I have confirmed external_title gets encoded as Yahoo!%E2%84%A2 and passed to SERVLET. If in SERVLET I do:

Writer writer = response.getWriter();
writer.write(request.getParameter("external_title"));

I get Yahoo!â„¢ in the browser. If I manually switch the browser character encoding to UTF-8, it changes to Yahoo!TM (which is what I want).

So I figured the encoding I was sending to the browser was wrong (it was Content-type: text/html; charset=ISO-8859-1). I changed SERVLET to:

response.setContentType("text/html; charset=utf-8");
Writer writer = response.getWriter();
writer.write(request.getParameter("external_title"));

Now the browser character encoding is UTF-8, but it outputs Yahoo!⢠and I can't get the browser to render the correct character at all.

My question is: is there some combination of Content-type and/or new String(request.getParameter("external_title").getBytes(), "UTF-8"); and/or something else that will result in Yahoo!TM appearing in the SERVLET output?

Grant Wagner
  • 25,263
  • 7
  • 54
  • 64

8 Answers8

46

You are nearly there. EncodeURIComponent correctly encodes to UTF-8, which is what you should always use in a URL today.

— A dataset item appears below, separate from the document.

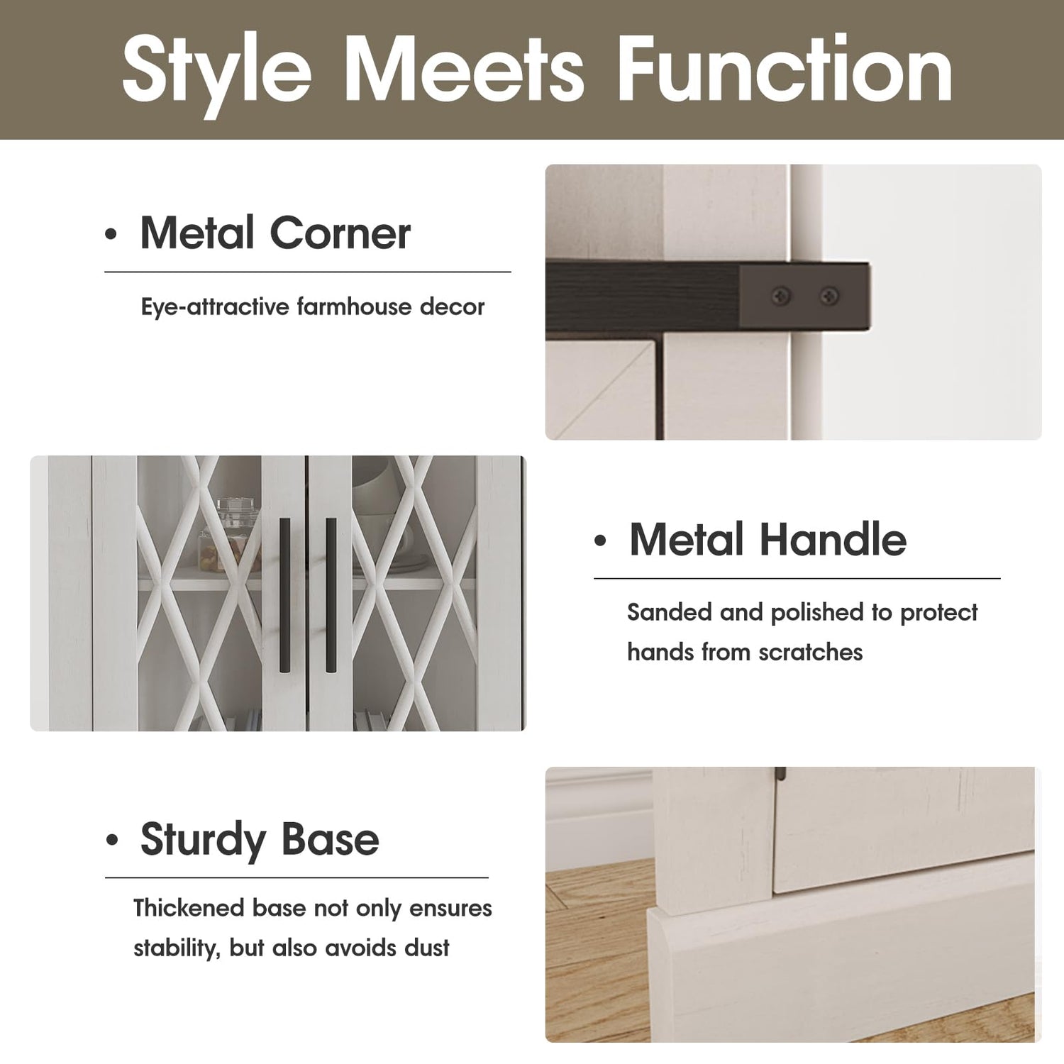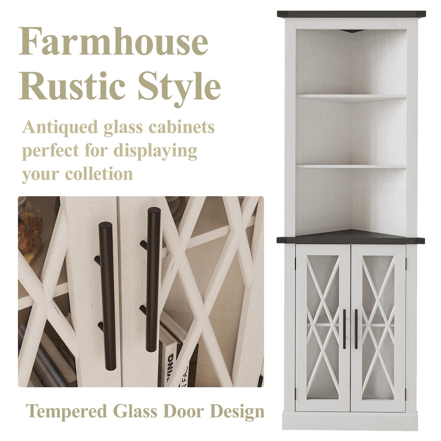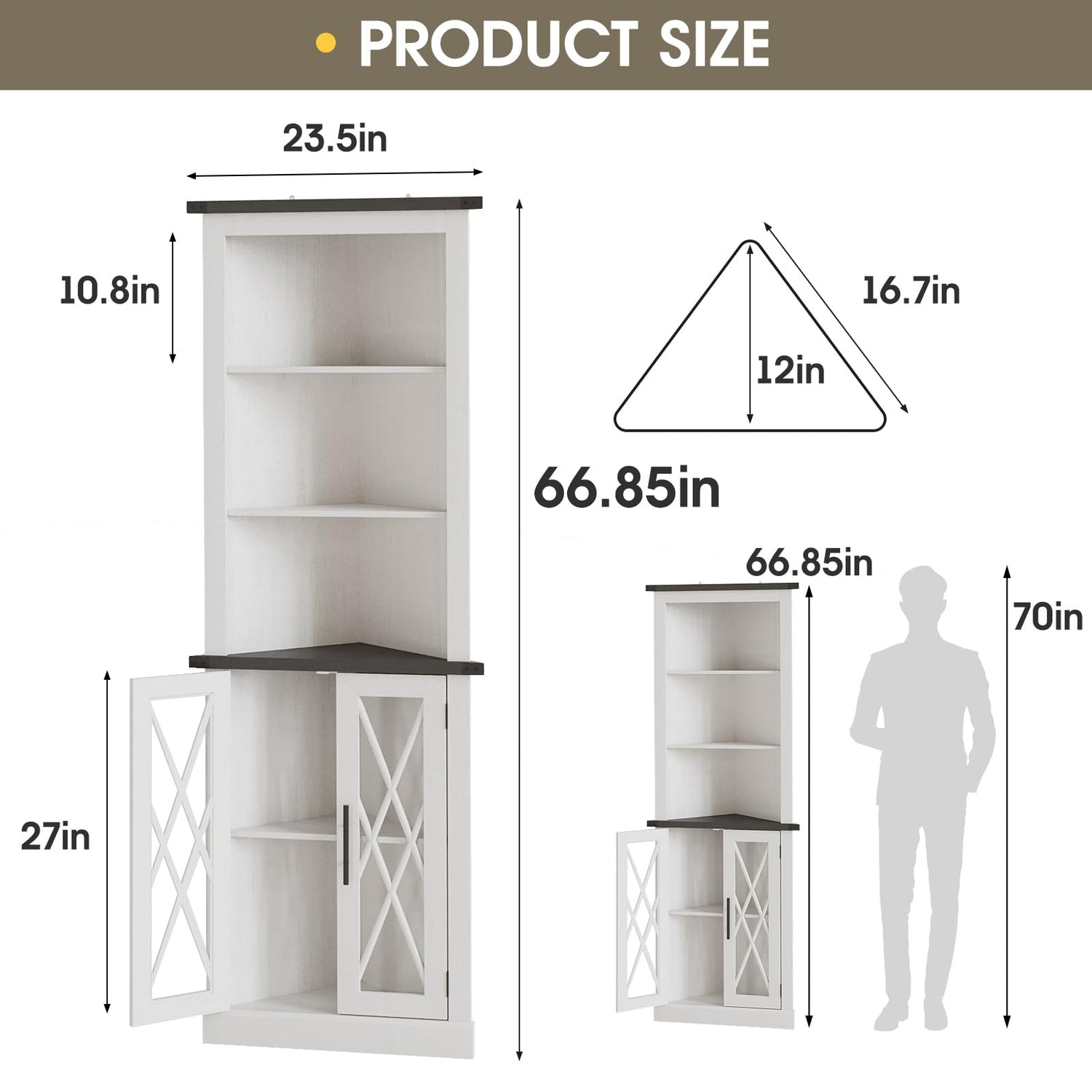 Maupvit 66.8" Tall Corner Cabinet with 2 Glass Doors, Modern Storage Cabinet with Adjustable Shelves, Corner Display Cabinet for Living Room, Bathroom, Hallway, Retro White

The problem is that the submitted query string is getting mutilated on the way into your server-side script, because getParameter() uses ISO-8559-1 instead of UTF-8. This stems from Ancient Times before the web settled on UTF-8 for URI/IRI, but it's rather pathetic that the Servlet spec hasn't been updated to match reality, or at least provide a reliable, supported option for it.

(There is request.setCharacterEncoding in Servlet 2.3, but it doesn't affect query string parsing, and if a single parameter has been read before, possibly by some other framework element, it won't work at all.)

So you need to futz around with container-specific methods to get proper UTF-8, often involving stuff in server.xml. This totally sucks for distributing web apps that should work anywhere. For Tomcat see https://cwiki.apache.org/confluence/display/TOMCAT/Character+Encoding and also What's the difference between "URIEncoding" of Tomcat, Encoding Filter and request.setCharacterEncoding.

holmis83
  • 15,922
  • 5
  • 82
  • 83
bobince
  • 528,062
  • 107
  • 651
  • 834
  • 5
    Thanks for the explanation. At least I know I'm not crazy. I tried request.setCharacterEncoding() while looking for a solution and as you said, it didn't seem to do anything to help resolve my problem. – Grant Wagner Jan 22 '09 at 19:49
  • And here is a link for Jetty if anyone is using it (by default Jetty 6+ uses UTF-8 unless configured otherwise): http://docs.codehaus.org/display/JETTY/International+Characters+and+Character+Encodings – Riyad Kalla Jul 16 '11 at 22:08
  • 1
    `request.getParameter("name")` prints as `ÏηγÏÏÏÏη`. `request.getQueryString()` prints as `name=%CF%84%CE%B7%CE%B3%CF%81%CF%84%CF%83%CF%82%CE%B7` - which if passed to `URLDecoder.decode()` is decoded fine. Could you please comment on _why does not `getParameter()` return the percent encoded string_ ? Is not ISO-8559-1 a superset of ASCII ? – Mr_and_Mrs_D Oct 06 '12 at 20:43
  • 2
    `getParameter` is intended to take care of decoding the input for you - browsers encode form values with percents when submitted so you have to decode them to get the user's input. There has to be some encoding used to turn the bytes in the input into characters, and browsers don't always use the same encoding. Unfortunately Servlet chooses one for you, it doesn't choose well, and it doesn't let you override that choice - unlike `URLDecoder.decode` there is no `enc` argument. – bobince Oct 07 '12 at 11:38
  • 2
    If you want the percent-encoded content from the raw URL, use `getQueryString()` and parse it yourself instead of letting Servlet do it. – bobince Oct 07 '12 at 11:39
21

I got the same problem and solved it by decoding Request.getQueryString() using URLDecoder(), and after extracting my parameters.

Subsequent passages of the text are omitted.